Patent Grant
7046909
This application claims priority from U.S. provisional patent application Ser. No. 60/168,927, filed Dec. 3, 1999, entitled “System and Method for Identifying Inconsistencies in Duplicate Digital Video”, the disclosure of which is incorporated herein by reference, and U.S. provisional patent application Ser. No. 60/194,250, filed Apr. 3, 2000, entitled “System and Method for Identifying Inconsistencies in Duplicate Digital Videos”, the disclosure of which is incorporated herein by reference.
The present invention relates to digital media and, more specifically, to error identification in digital video
A DVM, or digital video master, usually in the form of digital tape and usually containing an accompanying digital audio track, is commonly the end result of the process of creating material for visual display with electronic devices. The original source of the material might be film, video, computer-generated or any other medium for capturing visual and audio data. Typically, the original material has been processed in a variety of formats during post production, including, but not limited to, ordinary editing, the introduction of fades and other special effects, color correction, and audio adjustments. The DVM is the digital video representation of the visual and audio material in a form suitable for commercial release, or perhaps at some important junction prior to final release.
Generally, more than one copy of the DVM is required. For example, when film material is brought to a post-production house for transfer to video, editing, audio work, etc., the client may eventually wish to have several copies of the DVM. Other situations in which multiple copies are necessary include archiving and sending copies to multiple locations and distributors. It is therefore necessary to create physical copies of the DVM, and it is desirable that each copy, or “dub,” be the same. Indeed, in principle, each copy should be an exact replication of the original DVM.

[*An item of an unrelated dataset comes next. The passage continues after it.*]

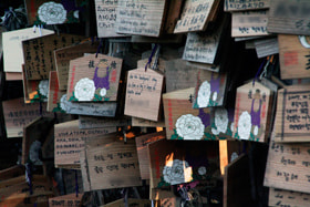 여러 나라 사람들의 소원이 쓰인 말 그림 액자가 걸려 있습니다. (우에노 도쇼구)

Due to imperfections in standard, tape-based reproduction processes, it is often the case that some differences exist between each individual copy and the original. The principal reason is that the electronic machines which process digital tape operated at very high speeds and occasionally make faulty recordings causing random errors in the duplicate. When the digital data is derived from a computer based source, pixel noise may occur and cause errors. Some mistakes, e.g., small changes in the color values in isolated locations, are relatively benign in the sense that the copy is visually indistinguishable from the original by a typical viewer. Other alterations are more serious, such as dropping a number of lines or an entire field (each video frame consists of two half-frames called fields, a field consisting of every other horizontal line so that the first field contains the even lines of the frame and the second field contains the odd lines of the frame), or introducing a sustained stretch of visual or audio noise or artifacts.
One current solution is manually intensive quality control. Each copy of the DVM is carefully checked by a trained specialist. The operator watches the video material on a monitor, perhaps at reduced speed, and might step through the material frame-by-frame in suspect sections. The operator then decides whether or not to accept the copy as a faithful reproduction. A similar process may also be performed on an audio track.
In a first embodiment, a system for checking the consistency between a digital video master, which may include an audio track, and a duplicate digital video is provided. The digital video master and the duplicate digital video are each composed of digital data where the digital data is composed of a plurality of data segments. Each data segment may be a bit of data, a line of data in a field, a frame of video data, a section of audio track, or any other grouping of data. The digital data of the digital video master and the duplicate digital video are loaded from the source into a loader module. The loader module itself may store the digital data, or the loader module may transfer the digital data to a memory location. The system further includes a comparison module that retrieves the digital data of the digital video master and the duplicate digital video and performs a data segment-by-data segment comparison. Discrepancies between the digital video master and the duplicate digital video are indicated, such as by the length of time of the discrepancy or by categorizing the type and severity of the discrepancy.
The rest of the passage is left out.